Exercise requirements:
Each line from the one with "We bought books" through the last line of the material is to be printed exactly; no other line and no picture belongs in the copy.

Provided data:
──────────────────────────────

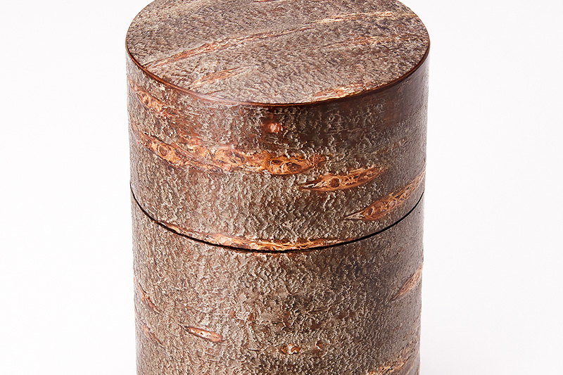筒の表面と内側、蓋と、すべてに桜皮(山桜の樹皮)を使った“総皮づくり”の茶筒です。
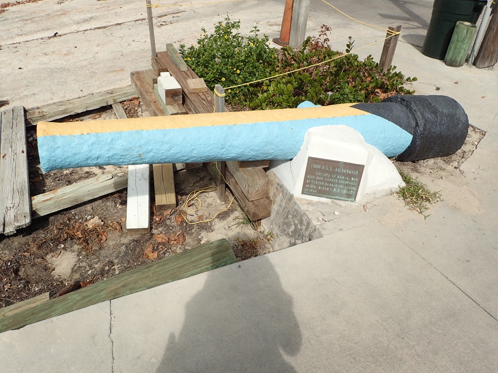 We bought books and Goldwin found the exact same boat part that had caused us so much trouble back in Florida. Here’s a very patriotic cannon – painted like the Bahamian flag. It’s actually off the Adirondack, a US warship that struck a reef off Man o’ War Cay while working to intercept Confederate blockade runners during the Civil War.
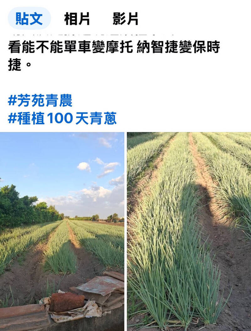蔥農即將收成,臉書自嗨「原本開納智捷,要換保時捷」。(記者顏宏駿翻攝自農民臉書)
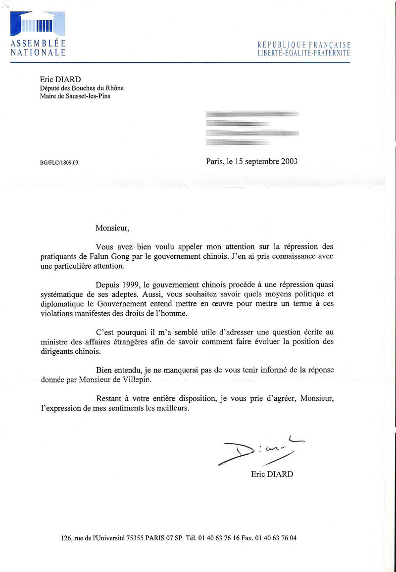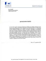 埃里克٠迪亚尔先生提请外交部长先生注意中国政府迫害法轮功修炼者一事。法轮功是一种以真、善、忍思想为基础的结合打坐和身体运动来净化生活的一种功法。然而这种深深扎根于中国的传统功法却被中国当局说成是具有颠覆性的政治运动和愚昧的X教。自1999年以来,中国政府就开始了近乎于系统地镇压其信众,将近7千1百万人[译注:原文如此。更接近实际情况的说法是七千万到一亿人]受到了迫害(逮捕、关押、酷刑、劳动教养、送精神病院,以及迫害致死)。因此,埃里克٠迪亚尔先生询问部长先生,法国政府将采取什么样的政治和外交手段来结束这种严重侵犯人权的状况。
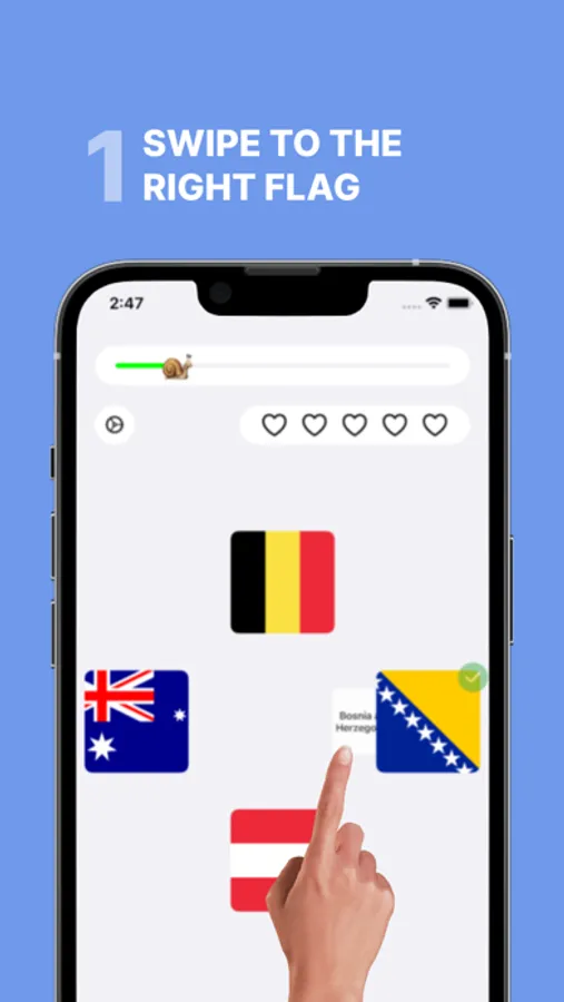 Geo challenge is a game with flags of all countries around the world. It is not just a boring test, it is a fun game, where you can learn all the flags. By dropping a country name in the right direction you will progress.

──────────────────────────────

Task result:
 We bought books and Goldwin found the exact same boat part that had caused us so much trouble back in Florida. Here’s a very patriotic cannon – painted like the Bahamian flag. It’s actually off the Adirondack, a US warship that struck a reef off Man o’ War Cay while working to intercept Confederate blockade runners during the Civil War.
蔥農即將收成,臉書自嗨「原本開納智捷,要換保時捷」。(記者顏宏駿翻攝自農民臉書)
 埃里克٠迪亚尔先生提请外交部长先生注意中国政府迫害法轮功修炼者一事。法轮功是一种以真、善、忍思想为基础的结合打坐和身体运动来净化生活的一种功法。然而这种深深扎根于中国的传统功法却被中国当局说成是具有颠覆性的政治运动和愚昧的X教。自1999年以来,中国政府就开始了近乎于系统地镇压其信众,将近7千1百万人[译注:原文如此。更接近实际情况的说法是七千万到一亿人]受到了迫害(逮捕、关押、酷刑、劳动教养、送精神病院,以及迫害致死)。因此,埃里克٠迪亚尔先生询问部长先生,法国政府将采取什么样的政治和外交手段来结束这种严重侵犯人权的状况。
 Geo challenge is a game with flags of all countries around the world. It is not just a boring test, it is a fun game, where you can learn all the flags. By dropping a country name in the right direction you will progress.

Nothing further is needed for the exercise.